Reply:Using a 3/32 tungsten might also improve things since the travel speed will be much faster.
Reply:Originally Posted by maartyUsing a 3/32 tungsten might also improve things since the travel speed will be much faster.
Reply:Stainless is stainless doesn't matter what u do it will shrink and warp
Reply:marrty,I am sorry.  My post was directed at the OP, not you.  He was the one who questioned using MIG.There's been considerable discussion here on the boards about using hi speed pulsing when welding thin gauge SS steel.If you'd like to read more, to include the link to the HL Lyons article, an easy way would be to go back to some of my previous posts (about a month ago) and you will find it.Syncro 250 DX Dynasty 200 DXMM 251 w/30A SG XMT 304 w/714 Feeder & Optima PulserHH187Dialarc 250 AC/DCHypertherm PM 1250Smith, Harris, Victor O/ASmith and Thermco Gas MixersAccess to a full fab shop with CNC Plasma, Water Jet, etc.
Reply:Sudownlll,Thank you for that. And Snowboarder88, if the tungsten is brought to a long fine point two and a half to three times the diameter of the tungsten, and given a final slight bevel at the very tip, a very tight and constricted arc can be had; especially if it is held close. Remember the variables of melting point, puddle size, arc distance, angle of torch etc. 14 gauge isnt that light. I think a 1/16 tungsten is too small. Controlled more slowly, but not necessarily putting in less heat. Putting in the least amount of heat and as fast as possible is whats called for here.

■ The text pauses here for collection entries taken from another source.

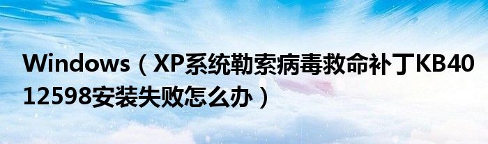 大家好,今天小悦来为大家解答以上问题。Windows,XP系统勒索病毒救命补丁KB4012598安装失败怎么办很多人还不知道,现在让我们一起来看看吧!
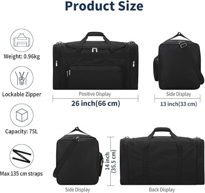 Fitnesstasche Sporttasche Reisetasche mit Schultergurt 55 L Weekender für Damen und Herren schwarz
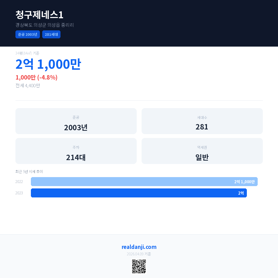 청구제네스1 국민평형 기준 2023년 평균 거래가는 2억으로, 전년 대비 4.8% 하락 했습니다.
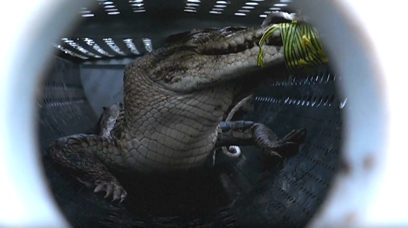Obwohl sich das 2,5 Meter lange Tier nach Kräften wehrte, konnte es von Helfern eingefangen werden.
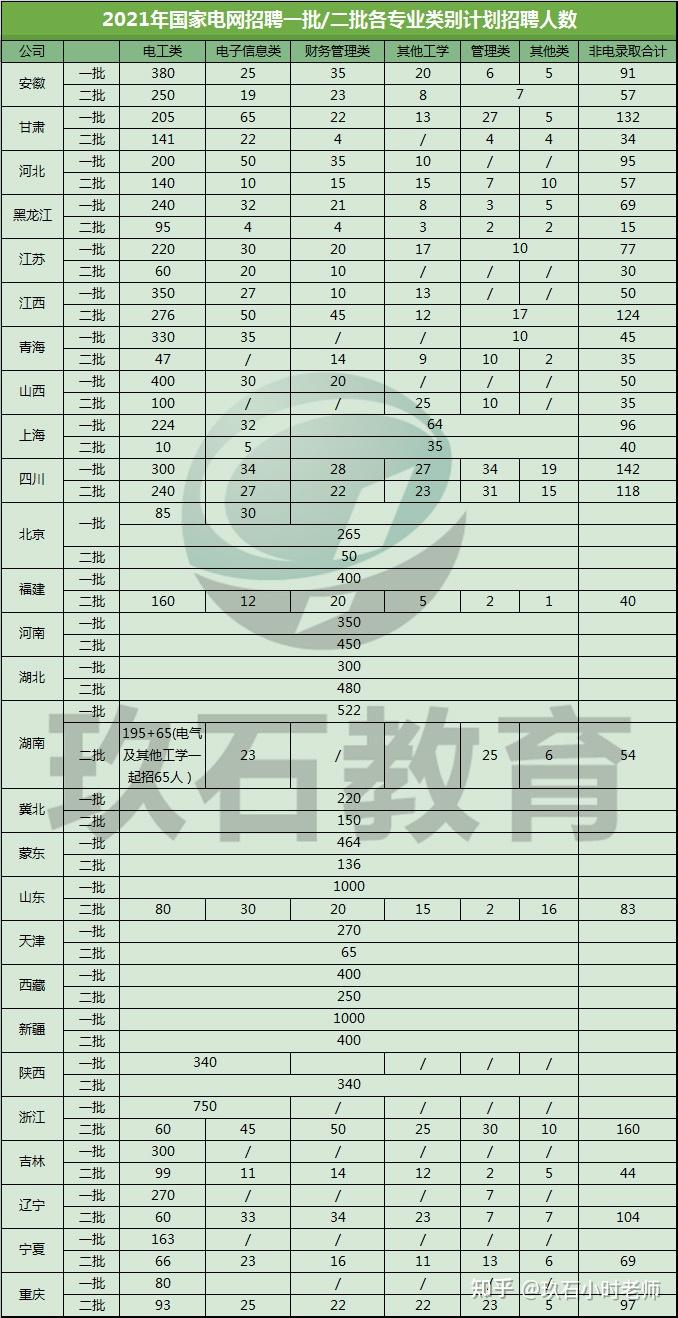 玖石君统计了21/22届国家电网各公司一批和二批的专业招收人数供大家参考。
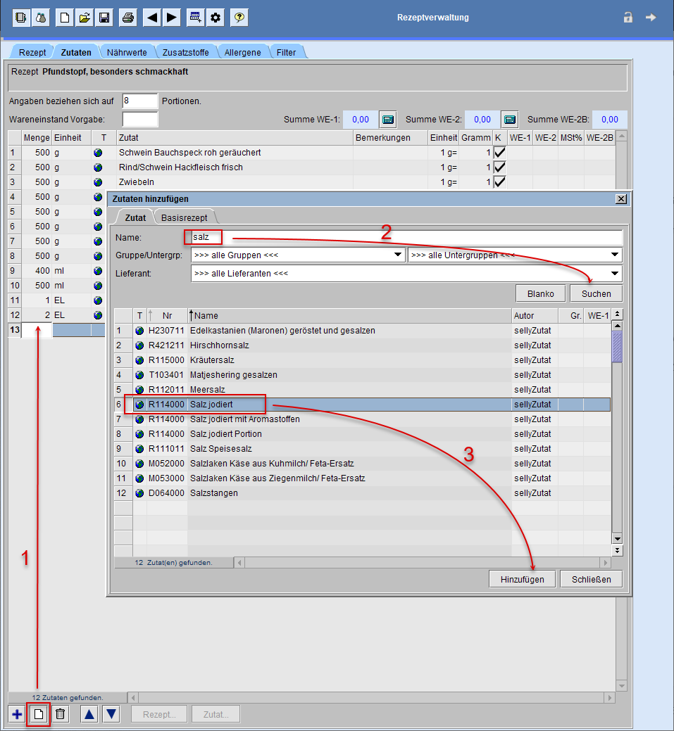 Zum Auffinden einer Zutat geben Sie einen entsprechenden Suchbegriff in das Feld Name ein und starten den Suchlauf mit Klick auf [Suche].
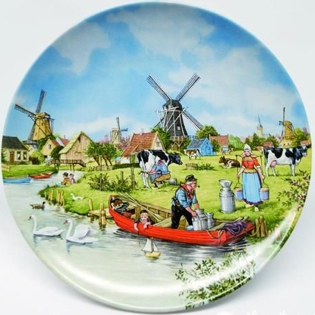 2008年,逢北京奥运会,有一家荷兰的画廊在北京开张,邀请我和一名荷兰艺术家合作办一个双人展。展览前期,荷兰艺术家到了北京,我们见了几次面,商量展览怎么做;他带给我一个见面礼,是绘有荷兰19世纪田园风景的画盘。我觉得特别美,就有想法把画盘上的人物摘下来,做成立体的挂起来。于是我把画盘里的船只、奶牛、周围元素都做成真实尺寸,并以60°的倾角倾斜悬挂。这60°是这么来的:站在北京垂直于地面,距离荷兰6600公里;从北京和荷兰各向地心引两条垂线,其中的夹角是60°。所以在中国看荷兰,整个儿都斜起来,由此用倾斜体现了空间。所以我们手绘的背景云彩,也是倾斜了60°。

Reply:Ok I see your point, but I dont understand how with that reasoning you think going to 3/32 will offer a faster travel speed and less heat input?  Going with a long tapered point will give a concentrated arc, but the same if not better can also be had with 1/16 tungsten ground in the same fashion.1/16 tungsten is rated for 150 amps, well more than what is needed for this application.  So assuming they are ground the same, why do you think a 3/32 inputs less heat than a 1/16 tungsten?Have we all gone mad?
Reply:snoOborder88         Ok, the thing is this; the 3/32 will run hotter. Knowing this the travel speed will have to be significantly faster. Put it together; the same penetration, but with the weld executed much quicker: because of the faster travel speed less heat will have had a chance to migrate into the surrounding metal. This is much the same reason that a jetrod (7024) will have less distrortion than a similare size weld produced by a similar sized low hydrogen (7018) Stainless is a lousy thermal conductor; heat will not travel away from the weld as fast as with steel, copper or aluminum. The faster the weld takes place the less distortion there will be.